Effective myofascial release may improve the release of tension, decrease activity of overactive neuromyofascial tissues, improve local stability muscle (to control translation) recruitment, and improve functional movements such as the squat. There is general agreement that lack of stability in the myofascial system will result in uncontrolled translation at a motion segment. If muscle length is altered resulting in ineffective active stability mechanisms, then tension development will be reduced and the muscle system (to control through range movements) will be unable to generate proper force for efficient movement. There is an optimum length tension relationship that the DMS can help restore. Any dysfunction in this system will result in faulty range at one or more motion segments.

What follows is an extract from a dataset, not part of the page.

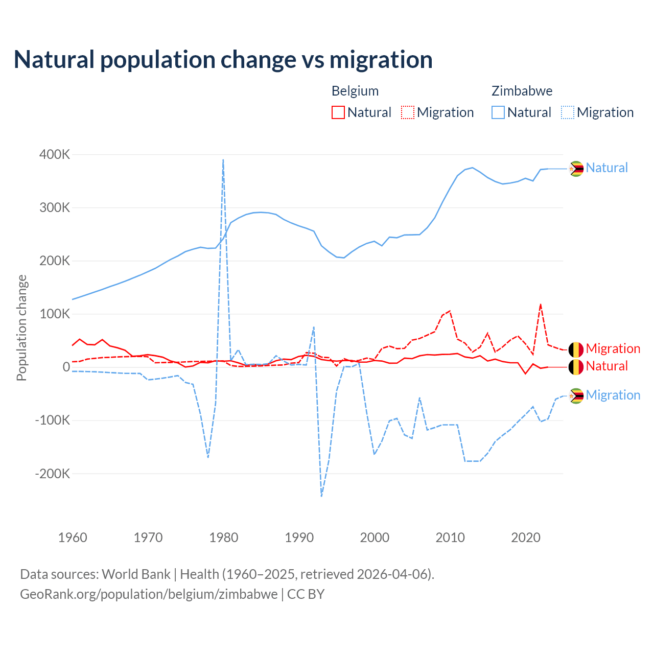 Over the last 10 years, 11.3% of the population change in Belgium is from natural causes (a gain of 64,346 people) and 88.7% is from migration (a gain of 504,240 people). In Zimbabwe 74.9% is from natural causes (a gain of 3,558,487 people) and 25.1% is from migration (a loss of 1,192,807 people).

In the clinical environment the overhead squat assessment can be used to assess for dynamic flexibility, core strength, and overall neuromuscular control. Any movement pattern dysfunction should be matched with symptoms and disabilities.
Using the DMS as an assessment tool to provide local therapy to a suspected overactive muscle and then repeating the overhead squat assessment and noting improvement or lack of change, can help the practitioner make prioritizing decisions about the choice of location and which myofascial structures to target therapy. In other words, if a change was made that improved the squat, then the specific muscle treated would also need to be stretched at home on there own. Teaching patients which muscles need strengthening is also an important component to treatment.
I use DMS treatments to focus on fascial release.
Using the DMS principles is a huge advantage to therapists retraining movement faults in patients with mobility disorders. A specific assessment is needed to identify the individual’s dysfunction and once established DMS therapy can be used to retrain the movement faults.
Dr. Jeffrey Tucker is a certified instructor for the Functional Movement Screen (FMS) workshops, the National Academy of Sports Medicine (NASM) workshops, and is a post-graduate instructor for the entire Diplomate program offered by the American Chiropractic Rehabilitation Board.